Dinner Party Download™
Episode 33: Yo La Tengo, Koreanguistics, Killer Greens
Oct. 9, 2009|0 comments
This Week: Yo La Tengo's Ira Kaplan pulls out his organ... We get a hangul on Korean literate-ture... and "Food, Inc" director Robert Kenner gives Rico an industrial food complex.
Cass McCombs, indie tunesmith behind "Catacombs," one of 2009's finest albums, tells us a cloudy joke.
The staff from public radio's Marketplace share their favorite offbeat news stories from the week
On October 9th, South Koreans celebrate "Hangul Day," honoring the publication, in 1446, of the Korean alphabet "Hangul" -- a triumph of elegant, thoughtful simplicity over illiteracy. Hear the story of hangul, then toast the King who invented it with a potent glassful of Korean flavors; click the link above for the recipe.
Yo La Tengo are indie rock royalty. Pop enthusiasts with a penchant for expanded noise, they're a Hoboken, NJ-based trio consisting of husband and wife Ira & Georgia Kaplan and James McNew. Over 12 albums the band has delivered everything from bluesy love duets to instrumental guitar-drone sprawlers; their albums sound like eclectic, beautifully-crafted mixtapes. Brendan speaks with Ira about longevity, green M&Ms and tweetal.
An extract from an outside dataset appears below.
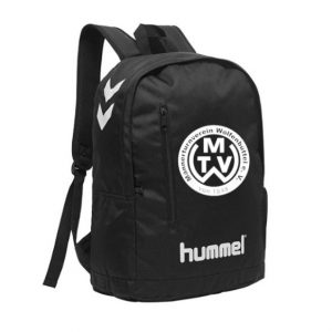 Ein klassischer hummel® Rucksack mit Platz für einen Laptop und mit verstellbaren Trägern, einer gepolsterten Rückseite und erweiterbaren Taschen. Der Rucksack verfügt über ein gedrucktes Logo und klassische Winkel sowie eine Reißverschlusstasche vorne. Gepolsterte Rückseite, für Laptop kompatibel, erweiterbare Tasche, Reißverschlusstasche vorne. Höhe 44,5cm, Breite 34 cm , Tiefe 19cm. Dieser Rucksack wird mit dem Logo des MTV Wolfenbüttel bedruckt. Art. 206996
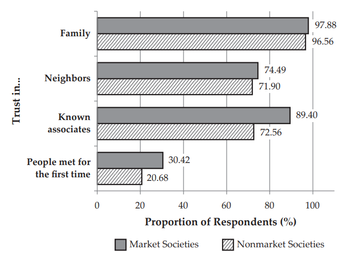 Preparar a las personas para los mercados las hace más optimistas sobre la honradez de desconocidos anónimos y, por lo tanto, aumenta las decisiones de confianza y, a su vez, la eficiencia social. . . . Sin mercados, las interacciones económicas con desconocidos tienden a ser negativas. La proliferación de los mercados permite que sucedan cosas buenas al interactuar con desconocidos, lo que fomenta el optimismo y conduce a comportamientos más confiados. La participación en los mercados, en lugar de hacer que las personas desconfíen, las hace más propensas a confiar en desconocidos anónimos. Por lo tanto, nuestros resultados parecen corroborar la idea del doux commerce. [Cursiva en el original].

Food safety was the hot topic this week -- The New York Times ran a front page story about meat contamination, and the Center For Science in the Public Interest published its list of the top 10 most-contaminated foods. Rico speaks with Robert Kenner, director of the food-industry documentary "Food, Inc.," about how the industrial food system stifles reforms. TIP: This is dinner-party conversation you might not want to share during actual dinner.
Brendan Francis Newnam as once the frontman for a short-lived, uncoordinated twee band called The Ladies. This is one of their only known recordings.